_Instructions to follow_
Copy out precisely the lines from the start of the data through the line with "경기도 부천시 부천실내체육관에서", and keep pictures out of it.

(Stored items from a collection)
* * *

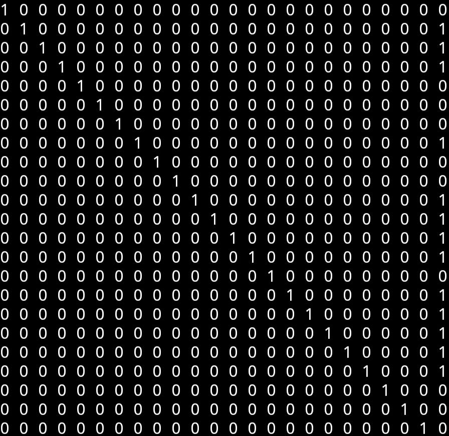 总结:计算不难,毕竟就是0变1、1变0;难的是把矩阵列出来,而且数字太多,错一个就凉凉
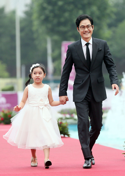 경기도 부천시 부천실내체육관에서 열린 제19회 부천국제판타스틱영화제 폐막식에서 배우 윤지민과 김성균이 레드카펫을 밟고 있다.
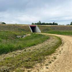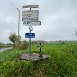 stretches, like the one where the chemin was buried under piles of sand that had something to do with autoroute renovation. A good lot of walking along things — the autoroute, train tracks, construction fencing. And still a fair bit of pavement. And then there was the truck, a big semi truck completely blocking a very rural bit of the chemin. You walk a bit down a hill and turn a bit and the entire track is blocked by a huge truck. Apparently with all the national highway construction going on, gps is very screwed up. And yet - at what point do you not think this mud track is not a place to drive this huge truck!?
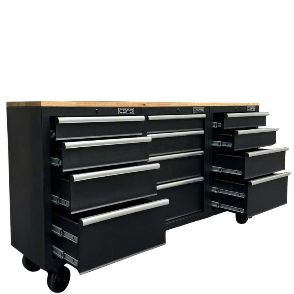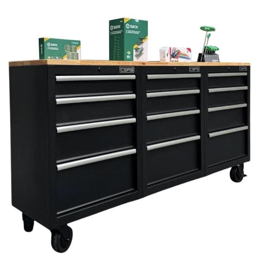 Tủ dụng cụ CSPS 183cm - 12 hộc kéo màu đen mặt ván gỗ (tay nắm trắng)
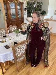 I rented as part of my devil costume for Halloween and it was awesome! The material is a heavy weight velvet with nice stretch, very comfortable. It has a really cool drape the comes down over one leg that gives a half dress feel, and adds an unexpected detail that sets this apart from traditional pant suit.
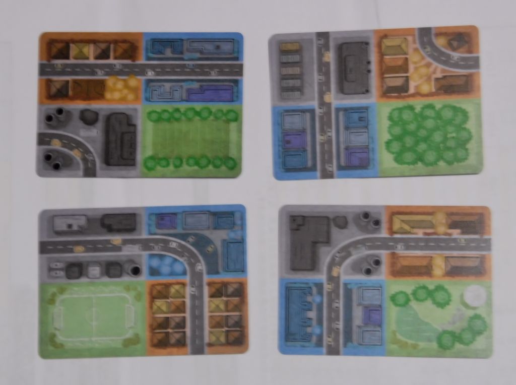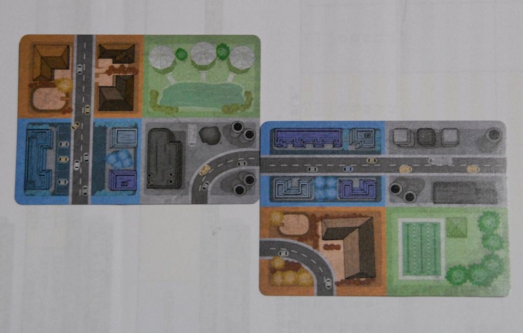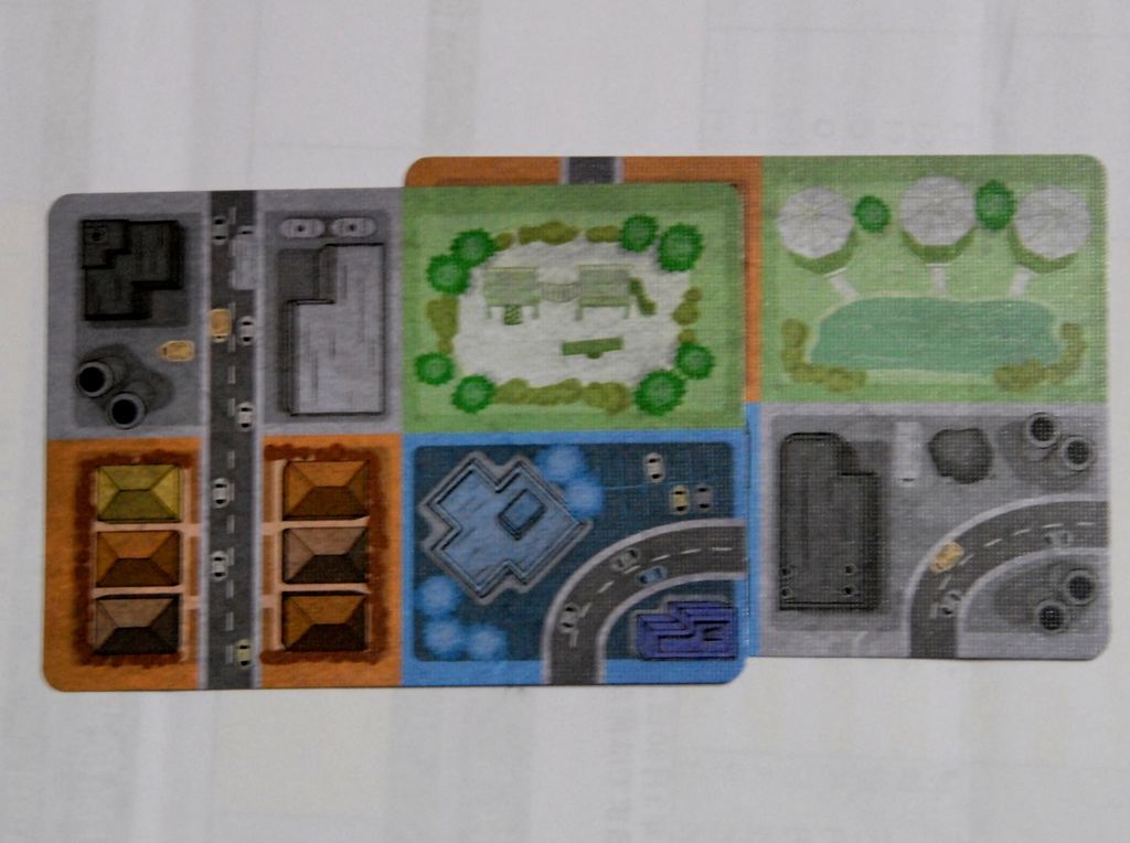 1 カードが全部で18枚あります。片面は街の絵、その裏面には得点条件が書かれています。

* * *

_Solution to this task_
 总结:计算不难,毕竟就是0变1、1变0;难的是把矩阵列出来,而且数字太多,错一个就凉凉
 경기도 부천시 부천실내체육관에서 열린 제19회 부천국제판타스틱영화제 폐막식에서 배우 윤지민과 김성균이 레드카펫을 밟고 있다.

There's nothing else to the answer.